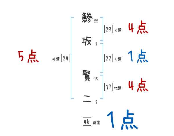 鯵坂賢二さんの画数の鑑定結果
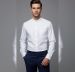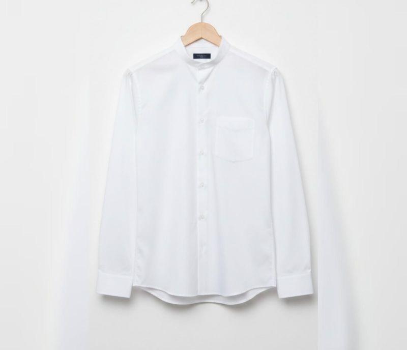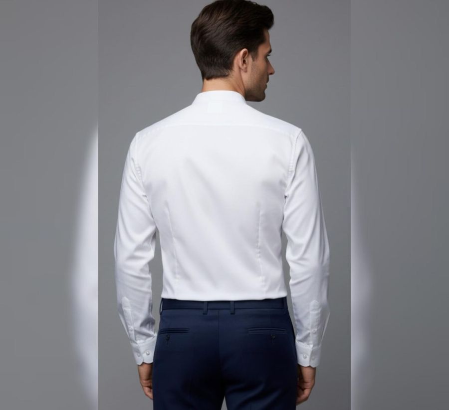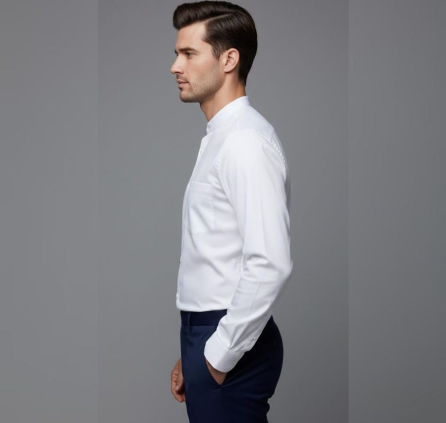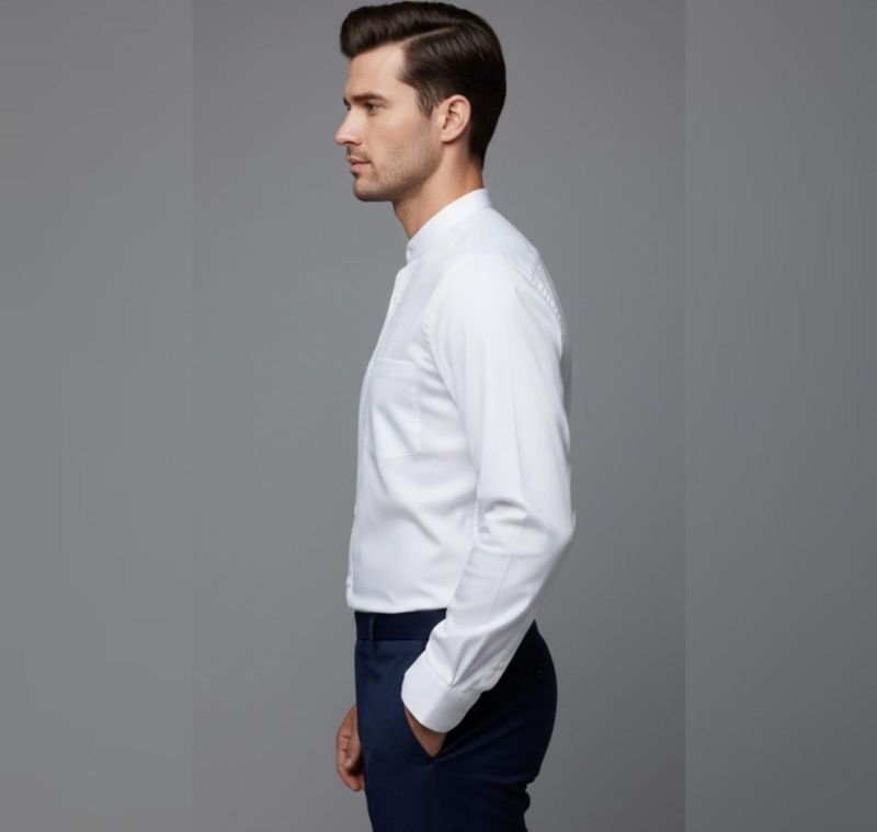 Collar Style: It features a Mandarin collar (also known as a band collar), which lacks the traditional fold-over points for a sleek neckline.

= = = = =

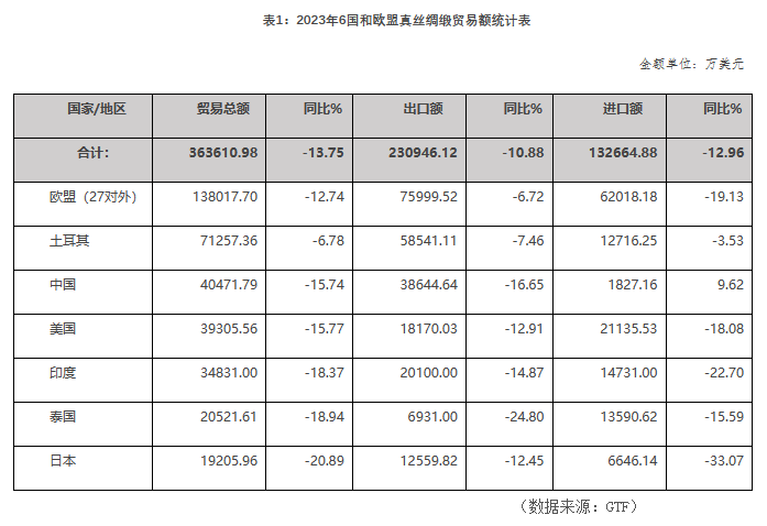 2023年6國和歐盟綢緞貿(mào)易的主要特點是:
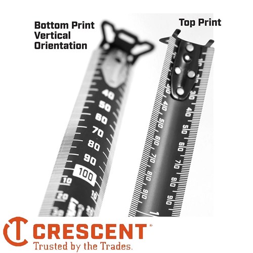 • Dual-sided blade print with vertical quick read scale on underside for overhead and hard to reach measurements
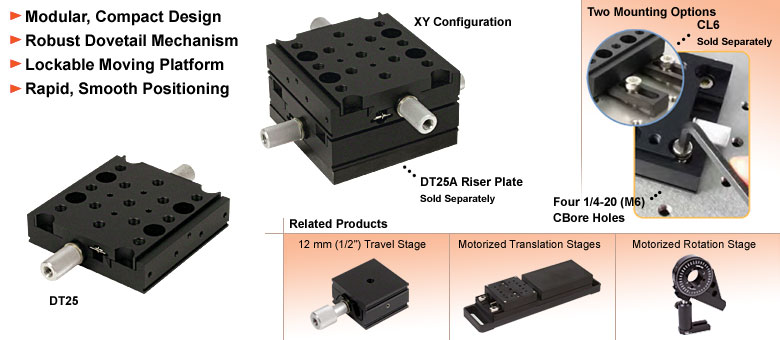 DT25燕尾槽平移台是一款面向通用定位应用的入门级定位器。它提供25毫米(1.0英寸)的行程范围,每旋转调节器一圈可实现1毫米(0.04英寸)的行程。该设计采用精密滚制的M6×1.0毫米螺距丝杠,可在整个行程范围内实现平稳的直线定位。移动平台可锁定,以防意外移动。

= = = = =

**DIRECTIONS**
From the line holding "鯵坂賢二さんの画数の鑑定結果" to the line holding "Collar Style: It", both included, retype the entries above exactly and drop the pictures.

**RESPONSE FOR THIS EXERCISE**
 鯵坂賢二さんの画数の鑑定結果
 Collar Style: It features a Mandarin collar (also known as a band collar), which lacks the traditional fold-over points for a sleek neckline.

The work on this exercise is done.